Give back every record below, character for character.

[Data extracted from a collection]

************

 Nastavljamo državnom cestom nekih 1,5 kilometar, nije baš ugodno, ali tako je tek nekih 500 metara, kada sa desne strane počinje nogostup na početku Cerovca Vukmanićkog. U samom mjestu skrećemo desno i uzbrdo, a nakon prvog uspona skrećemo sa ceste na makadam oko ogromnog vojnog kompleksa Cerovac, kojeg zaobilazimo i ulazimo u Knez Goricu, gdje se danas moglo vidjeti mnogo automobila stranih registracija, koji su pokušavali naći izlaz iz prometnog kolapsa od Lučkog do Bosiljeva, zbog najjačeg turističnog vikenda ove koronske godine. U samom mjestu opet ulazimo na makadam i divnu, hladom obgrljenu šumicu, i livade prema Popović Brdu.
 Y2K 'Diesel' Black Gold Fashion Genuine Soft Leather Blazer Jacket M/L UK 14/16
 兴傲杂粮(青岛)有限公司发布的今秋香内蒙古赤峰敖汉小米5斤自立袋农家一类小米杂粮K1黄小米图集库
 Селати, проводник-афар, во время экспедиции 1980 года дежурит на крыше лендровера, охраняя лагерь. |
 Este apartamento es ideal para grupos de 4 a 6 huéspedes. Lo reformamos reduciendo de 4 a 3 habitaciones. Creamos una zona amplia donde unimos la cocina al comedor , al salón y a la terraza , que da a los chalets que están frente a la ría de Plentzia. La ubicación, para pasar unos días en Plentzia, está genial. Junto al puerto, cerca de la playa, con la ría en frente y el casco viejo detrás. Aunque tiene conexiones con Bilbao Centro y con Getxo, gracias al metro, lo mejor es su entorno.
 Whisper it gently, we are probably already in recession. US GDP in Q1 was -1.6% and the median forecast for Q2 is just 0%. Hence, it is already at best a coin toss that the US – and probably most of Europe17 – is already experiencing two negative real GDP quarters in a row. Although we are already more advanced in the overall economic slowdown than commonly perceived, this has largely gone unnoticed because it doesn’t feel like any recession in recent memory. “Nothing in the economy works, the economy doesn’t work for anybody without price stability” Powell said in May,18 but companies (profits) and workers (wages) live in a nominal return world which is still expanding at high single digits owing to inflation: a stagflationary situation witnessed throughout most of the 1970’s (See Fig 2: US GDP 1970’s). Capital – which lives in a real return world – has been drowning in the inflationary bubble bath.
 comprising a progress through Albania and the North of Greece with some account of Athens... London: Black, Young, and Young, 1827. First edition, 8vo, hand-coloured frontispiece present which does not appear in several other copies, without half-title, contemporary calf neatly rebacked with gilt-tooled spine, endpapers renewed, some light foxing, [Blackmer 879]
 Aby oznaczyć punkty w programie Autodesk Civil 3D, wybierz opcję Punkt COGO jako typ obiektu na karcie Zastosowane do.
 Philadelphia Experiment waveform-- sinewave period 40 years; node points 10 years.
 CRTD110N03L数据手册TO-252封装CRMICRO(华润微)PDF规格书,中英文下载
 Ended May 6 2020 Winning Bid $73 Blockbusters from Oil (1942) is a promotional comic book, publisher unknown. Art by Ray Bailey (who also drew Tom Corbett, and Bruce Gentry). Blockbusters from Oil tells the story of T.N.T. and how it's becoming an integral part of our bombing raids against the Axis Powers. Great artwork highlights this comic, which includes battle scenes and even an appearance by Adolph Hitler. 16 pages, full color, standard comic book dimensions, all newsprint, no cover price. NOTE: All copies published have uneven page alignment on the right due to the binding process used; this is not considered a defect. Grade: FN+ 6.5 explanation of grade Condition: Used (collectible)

************

** Problem solution **
 Nastavljamo državnom cestom nekih 1,5 kilometar, nije baš ugodno, ali tako je tek nekih 500 metara, kada sa desne strane počinje nogostup na početku Cerovca Vukmanićkog. U samom mjestu skrećemo desno i uzbrdo, a nakon prvog uspona skrećemo sa ceste na makadam oko ogromnog vojnog kompleksa Cerovac, kojeg zaobilazimo i ulazimo u Knez Goricu, gdje se danas moglo vidjeti mnogo automobila stranih registracija, koji su pokušavali naći izlaz iz prometnog kolapsa od Lučkog do Bosiljeva, zbog najjačeg turističnog vikenda ove koronske godine. U samom mjestu opet ulazimo na makadam i divnu, hladom obgrljenu šumicu, i livade prema Popović Brdu.
 Y2K 'Diesel' Black Gold Fashion Genuine Soft Leather Blazer Jacket M/L UK 14/16
 兴傲杂粮(青岛)有限公司发布的今秋香内蒙古赤峰敖汉小米5斤自立袋农家一类小米杂粮K1黄小米图集库
 Селати, проводник-афар, во время экспедиции 1980 года дежурит на крыше лендровера, охраняя лагерь. |
 Este apartamento es ideal para grupos de 4 a 6 huéspedes. Lo reformamos reduciendo de 4 a 3 habitaciones. Creamos una zona amplia donde unimos la cocina al comedor , al salón y a la terraza , que da a los chalets que están frente a la ría de Plentzia. La ubicación, para pasar unos días en Plentzia, está genial. Junto al puerto, cerca de la playa, con la ría en frente y el casco viejo detrás. Aunque tiene conexiones con Bilbao Centro y con Getxo, gracias al metro, lo mejor es su entorno.
 Whisper it gently, we are probably already in recession. US GDP in Q1 was -1.6% and the median forecast for Q2 is just 0%. Hence, it is already at best a coin toss that the US – and probably most of Europe17 – is already experiencing two negative real GDP quarters in a row. Although we are already more advanced in the overall economic slowdown than commonly perceived, this has largely gone unnoticed because it doesn’t feel like any recession in recent memory. “Nothing in the economy works, the economy doesn’t work for anybody without price stability” Powell said in May,18 but companies (profits) and workers (wages) live in a nominal return world which is still expanding at high single digits owing to inflation: a stagflationary situation witnessed throughout most of the 1970’s (See Fig 2: US GDP 1970’s). Capital – which lives in a real return world – has been drowning in the inflationary bubble bath.
 comprising a progress through Albania and the North of Greece with some account of Athens... London: Black, Young, and Young, 1827. First edition, 8vo, hand-coloured frontispiece present which does not appear in several other copies, without half-title, contemporary calf neatly rebacked with gilt-tooled spine, endpapers renewed, some light foxing, [Blackmer 879]
 Aby oznaczyć punkty w programie Autodesk Civil 3D, wybierz opcję Punkt COGO jako typ obiektu na karcie Zastosowane do.
 Philadelphia Experiment waveform-- sinewave period 40 years; node points 10 years.
 CRTD110N03L数据手册TO-252封装CRMICRO(华润微)PDF规格书,中英文下载
 Ended May 6 2020 Winning Bid $73 Blockbusters from Oil (1942) is a promotional comic book, publisher unknown. Art by Ray Bailey (who also drew Tom Corbett, and Bruce Gentry). Blockbusters from Oil tells the story of T.N.T. and how it's becoming an integral part of our bombing raids against the Axis Powers. Great artwork highlights this comic, which includes battle scenes and even an appearance by Adolph Hitler. 16 pages, full color, standard comic book dimensions, all newsprint, no cover price. NOTE: All copies published have uneven page alignment on the right due to the binding process used; this is not considered a defect. Grade: FN+ 6.5 explanation of grade Condition: Used (collectible)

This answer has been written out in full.